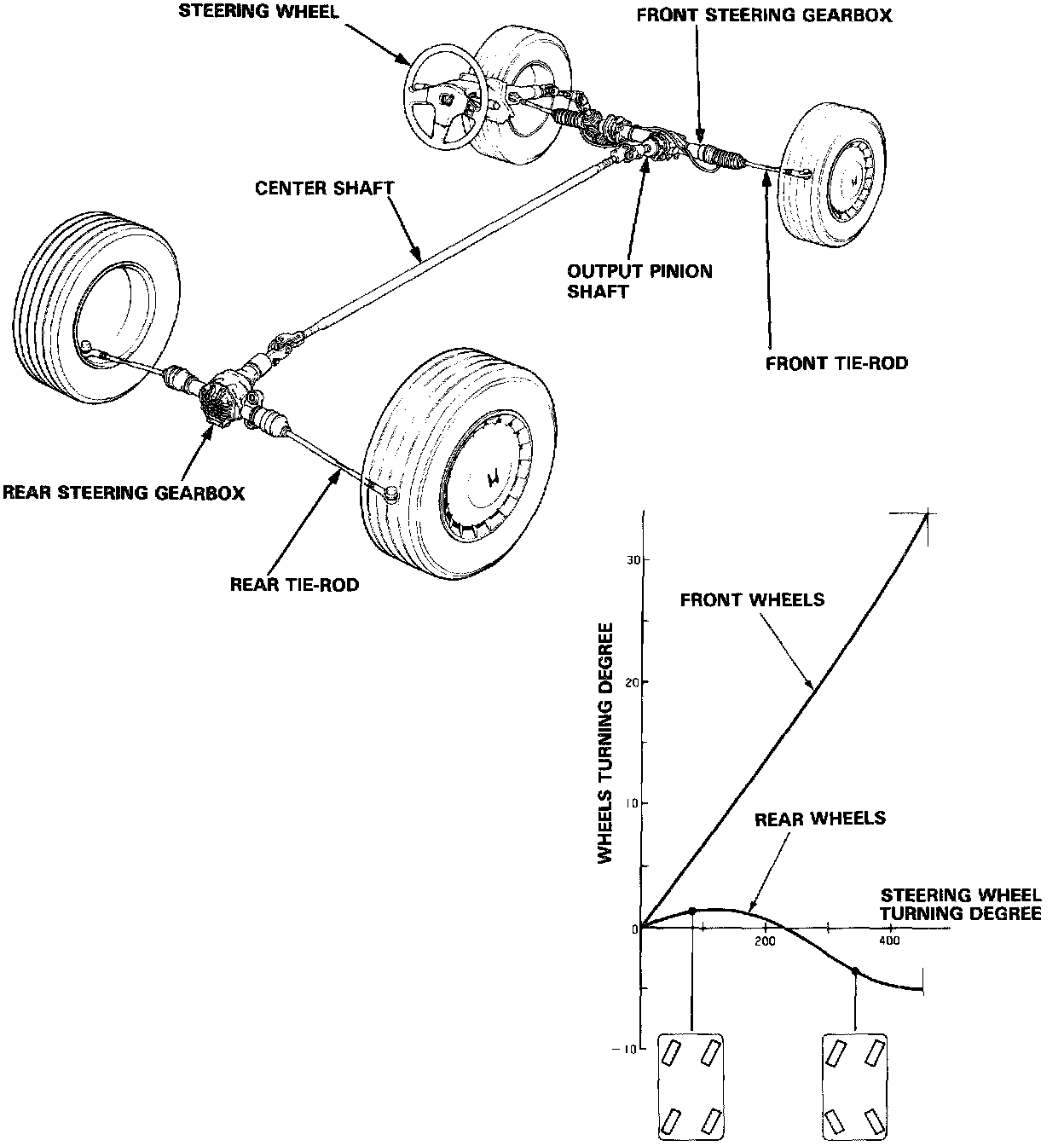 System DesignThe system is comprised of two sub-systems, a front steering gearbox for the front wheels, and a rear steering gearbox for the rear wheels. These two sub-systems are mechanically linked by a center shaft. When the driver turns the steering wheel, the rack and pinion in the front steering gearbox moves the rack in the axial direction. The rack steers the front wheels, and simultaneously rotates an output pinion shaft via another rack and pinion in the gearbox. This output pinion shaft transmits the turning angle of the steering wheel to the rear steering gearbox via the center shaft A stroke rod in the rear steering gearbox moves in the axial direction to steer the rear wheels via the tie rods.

-*-

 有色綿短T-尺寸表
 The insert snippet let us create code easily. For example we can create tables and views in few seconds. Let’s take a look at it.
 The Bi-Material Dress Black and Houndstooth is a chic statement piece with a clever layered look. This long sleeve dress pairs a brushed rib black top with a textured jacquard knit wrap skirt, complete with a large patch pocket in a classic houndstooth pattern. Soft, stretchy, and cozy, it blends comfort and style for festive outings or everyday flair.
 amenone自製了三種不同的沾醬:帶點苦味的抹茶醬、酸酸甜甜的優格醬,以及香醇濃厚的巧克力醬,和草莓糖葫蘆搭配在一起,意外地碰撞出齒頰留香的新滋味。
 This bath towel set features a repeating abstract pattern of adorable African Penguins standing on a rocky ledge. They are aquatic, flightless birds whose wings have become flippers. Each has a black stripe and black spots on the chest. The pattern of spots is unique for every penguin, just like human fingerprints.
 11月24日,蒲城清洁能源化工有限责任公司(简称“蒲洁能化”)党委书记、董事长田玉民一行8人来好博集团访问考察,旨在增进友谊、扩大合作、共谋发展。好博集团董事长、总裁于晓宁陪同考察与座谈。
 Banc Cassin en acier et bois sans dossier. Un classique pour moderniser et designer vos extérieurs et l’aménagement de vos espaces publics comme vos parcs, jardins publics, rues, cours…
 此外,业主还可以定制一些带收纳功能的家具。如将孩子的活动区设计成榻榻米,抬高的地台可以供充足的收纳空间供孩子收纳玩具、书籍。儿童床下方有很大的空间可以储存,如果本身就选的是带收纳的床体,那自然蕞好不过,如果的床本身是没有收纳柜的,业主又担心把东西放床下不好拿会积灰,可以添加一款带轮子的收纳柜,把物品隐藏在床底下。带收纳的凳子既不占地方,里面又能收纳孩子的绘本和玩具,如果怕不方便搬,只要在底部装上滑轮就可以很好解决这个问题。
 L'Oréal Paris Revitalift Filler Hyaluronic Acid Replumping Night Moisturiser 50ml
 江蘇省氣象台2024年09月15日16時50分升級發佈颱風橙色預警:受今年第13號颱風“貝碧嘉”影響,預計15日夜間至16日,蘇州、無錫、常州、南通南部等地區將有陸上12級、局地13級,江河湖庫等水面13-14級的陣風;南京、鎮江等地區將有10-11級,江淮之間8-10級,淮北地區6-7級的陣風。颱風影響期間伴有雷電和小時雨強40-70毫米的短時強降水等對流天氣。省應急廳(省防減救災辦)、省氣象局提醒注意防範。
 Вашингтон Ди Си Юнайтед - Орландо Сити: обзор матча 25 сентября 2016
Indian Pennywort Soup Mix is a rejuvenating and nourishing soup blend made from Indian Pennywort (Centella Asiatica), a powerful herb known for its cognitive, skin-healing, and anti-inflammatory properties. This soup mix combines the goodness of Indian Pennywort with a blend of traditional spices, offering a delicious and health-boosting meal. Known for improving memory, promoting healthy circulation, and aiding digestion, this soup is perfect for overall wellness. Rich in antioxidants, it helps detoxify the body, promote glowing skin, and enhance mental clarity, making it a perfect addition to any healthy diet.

-*-

Word for word, restate the lines of the listing above starting at the line with "L'Oréal Paris Revitalift" and ending at the line with "Indian Pennywort Soup", and nothing outside them.

 L'Oréal Paris Revitalift Filler Hyaluronic Acid Replumping Night Moisturiser 50ml
 江蘇省氣象台2024年09月15日16時50分升級發佈颱風橙色預警:受今年第13號颱風“貝碧嘉”影響,預計15日夜間至16日,蘇州、無錫、常州、南通南部等地區將有陸上12級、局地13級,江河湖庫等水面13-14級的陣風;南京、鎮江等地區將有10-11級,江淮之間8-10級,淮北地區6-7級的陣風。颱風影響期間伴有雷電和小時雨強40-70毫米的短時強降水等對流天氣。省應急廳(省防減救災辦)、省氣象局提醒注意防範。
 Вашингтон Ди Си Юнайтед - Орландо Сити: обзор матча 25 сентября 2016
Indian Pennywort Soup Mix is a rejuvenating and nourishing soup blend made from Indian Pennywort (Centella Asiatica), a powerful herb known for its cognitive, skin-healing, and anti-inflammatory properties. This soup mix combines the goodness of Indian Pennywort with a blend of traditional spices, offering a delicious and health-boosting meal. Known for improving memory, promoting healthy circulation, and aiding digestion, this soup is perfect for overall wellness. Rich in antioxidants, it helps detoxify the body, promote glowing skin, and enhance mental clarity, making it a perfect addition to any healthy diet.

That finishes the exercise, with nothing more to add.